*** Opening Data excerpts ***

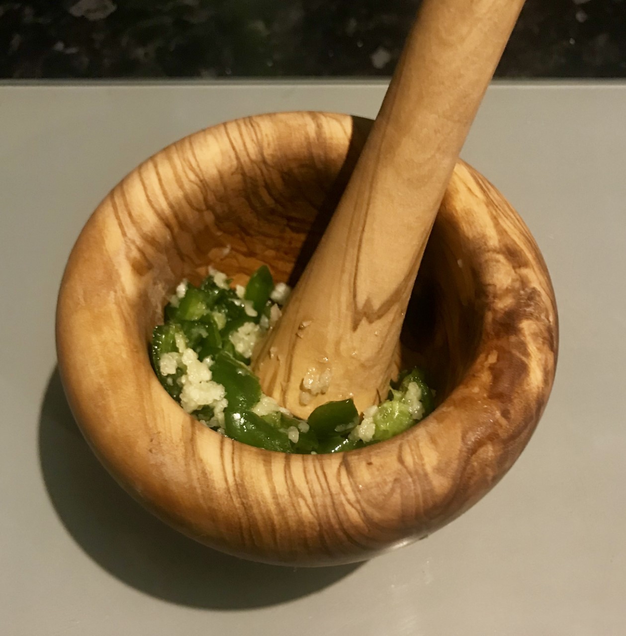 - Add the peppers and garlic to a mortar and pestle and crush into a chunky paste, or blitz quickly in a food processor.
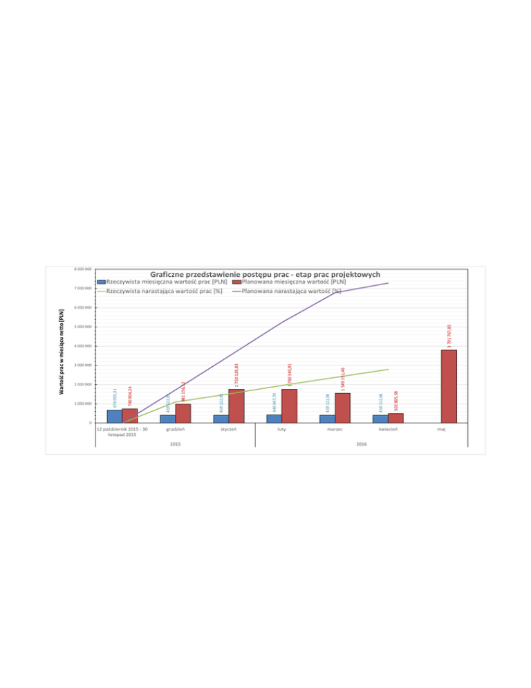 8 000 000 Planowana miesięczna wartość [PLN] Planowana narastająca wartość [%] 3 791 767,85 6 000 000 5 000 000 502 805,58 419 122,06 1 549 151,46 419 122,06 440 047,70 1 750 129,83 981 156,12 419 122,05 1 000 000 419 122,05 2 000 000 740 904,24 3 000 000 1 760 340,91 4 000 000 676 003,31 Wartość prac w miesiącu netto [PLN] 7 000 000 Graficzne przedstawienie postępu prac - etap prac projektowych Rzeczywista miesięczna wartość prac [PLN] Rzeczywista narastająca wartość prac [%] 0 12 październik 2015 - 30 listopad 2015 grudzień 2015 styczeń luty marzec kwiecień 2016 maj
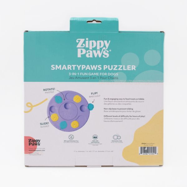 It’s time for doggo to take matters into their own paws with the SmartyPaws Puzzler! This all new interactive toy from ZippyPaws teaches dogs problem solving skills for a fun and engaging way to receive treats or kibble! The 3-in-1 game features different levels of difficulty that entertain and reduce boredom while teaching your pup problem solving skills. Non-slip base to prevent sliding.
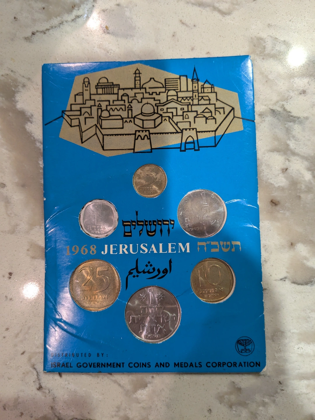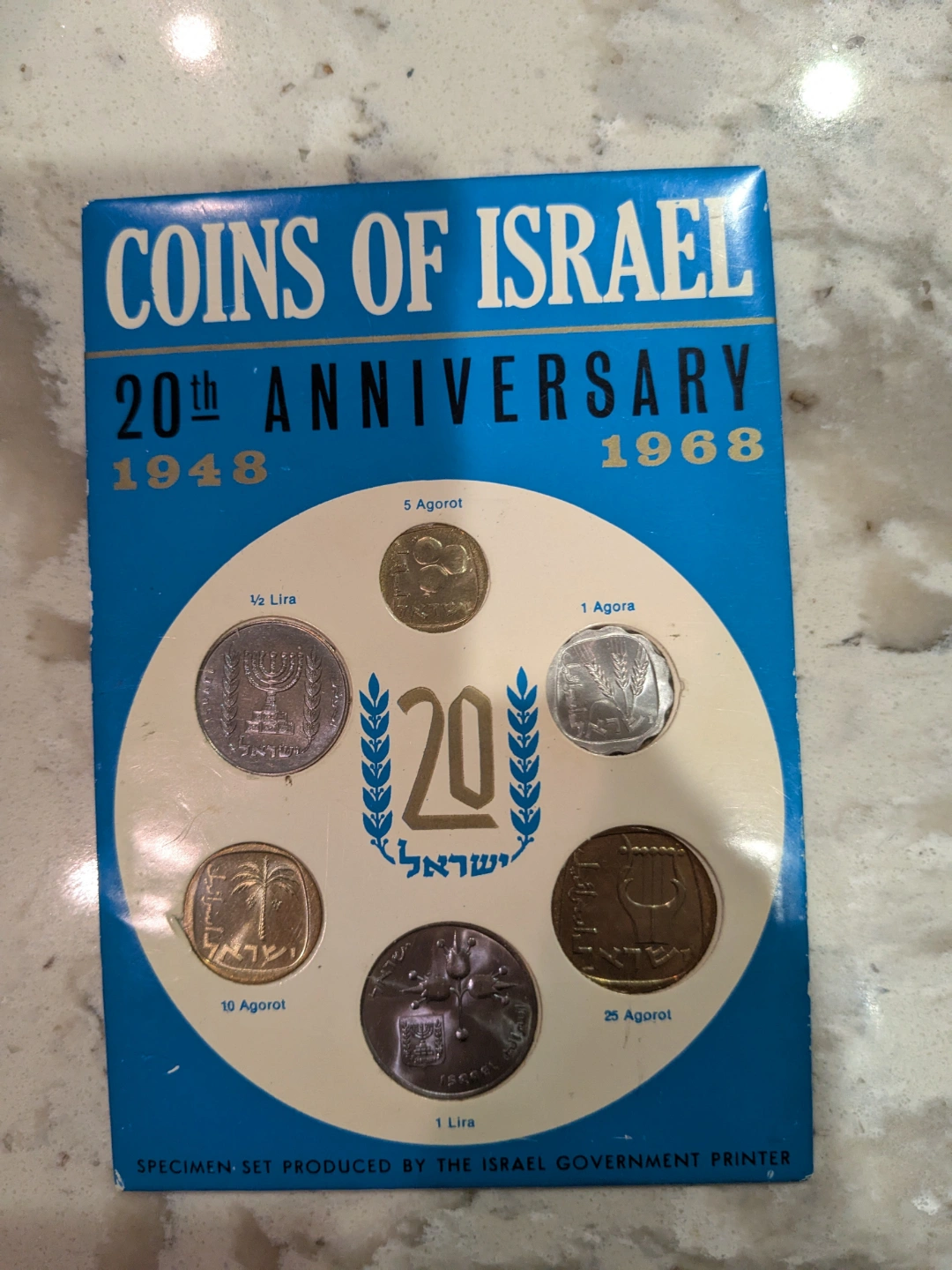 Vintage coin set. Contains Israeli coins. Issued in 1968 to commemorate the 20th anniversary. Distributed by the Israel Government Coins and Medals Corporation. Specimen set produced by the Israel Government Printer.
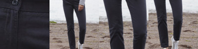 Flat front chino trouser. Tag free. Stretch fabric for ease of movement. Slanted front pockets, 2 back welt pockets, belt loops plain hem. BSCI certified.
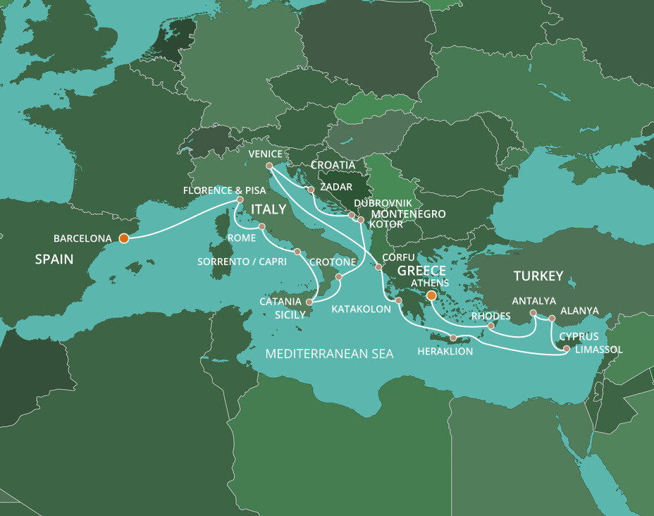 The lush and verdant island of Corfu lies in the Ionian Sea, midway between Greece and Italy. It is an island of sparkling beaches, mountains splashed with wildflowers, and historical, perched fortresses. Ships will dock at the town of Corfu.
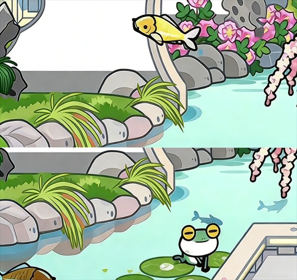 4、池塘中的鲤鱼会跃出水面,青蛙也会在荷叶间跳跃,场景非常生动。
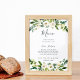 Charming wedding menu sign displays your dinner selections in chic handwritten calligraphy and modern block lettering. Adorned with watercolor botanical greenery and white flowers that match our Alabaster Floral wedding collection.
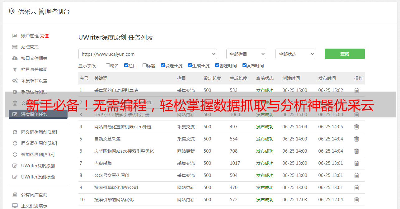 优采云不仅具备基本数据收集功能,还配备诸多高级特性如定时采集、多线程采集以及数据解析等。定时采集支持用户设定固定时间段的采集任务,方便定期更新的需求;而多线程采集则能显著提升采集效率,尤其在处理海量数据时表现更为突出。
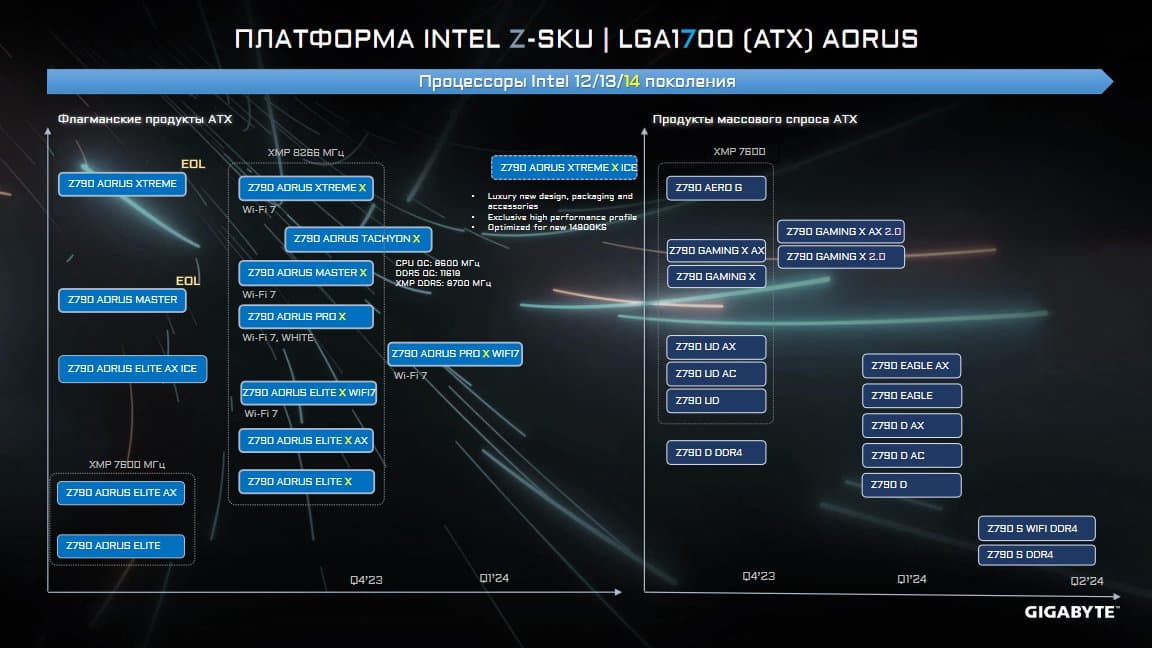 , φαίνεται ότι κατασκευαστές μητρικών πλακών όπως η Gigabyte προετοιμάζουν νέες μητρικές πλακέτες υψηλής τεχνολογίας αποκλειστικά βελτιστοποιημένες για τον επεξεργαστή Intel Core i9-14900KS. Η επερχόμενη μητρική Gigabyte Z790 AORUS Xtreme X ICE θα διαθέτει αποκλειστικά προφίλ απόδοσης και βελτιστοποιήσεις για την ναυαρχίδα της Intel “Special Edition” SKU, επομένως αναμένετε περισσότερες πληροφορίες να κυκλοφορήσουν κοντά στην κυκλοφορία του τσιπ που έχει προγραμματιστεί να κυκλοφορήσει στα ράφια λιανικής την επόμενη εβδομάδα στις 14 του Μαρτίου.
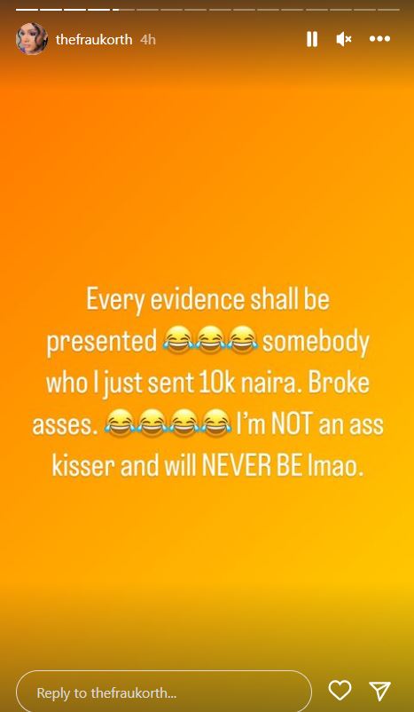 She shared a series of screenshots showing her sending money to Rambo to back up her claim that he’s broke.

*** Closing Data excerpts ***

**What the task requires**
Pictures in the entries do not go into the copy. Print only the lines starting at the one containing "Flat front chino" and ending at the one containing "4、池塘中的鲤鱼会跃出水面,青蛙也会在荷叶间跳跃,场景非常生动。", exactly as they appear.

**Solution to the exercise**
 Flat front chino trouser. Tag free. Stretch fabric for ease of movement. Slanted front pockets, 2 back welt pockets, belt loops plain hem. BSCI certified.
 The lush and verdant island of Corfu lies in the Ionian Sea, midway between Greece and Italy. It is an island of sparkling beaches, mountains splashed with wildflowers, and historical, perched fortresses. Ships will dock at the town of Corfu.
 4、池塘中的鲤鱼会跃出水面,青蛙也会在荷叶间跳跃,场景非常生动。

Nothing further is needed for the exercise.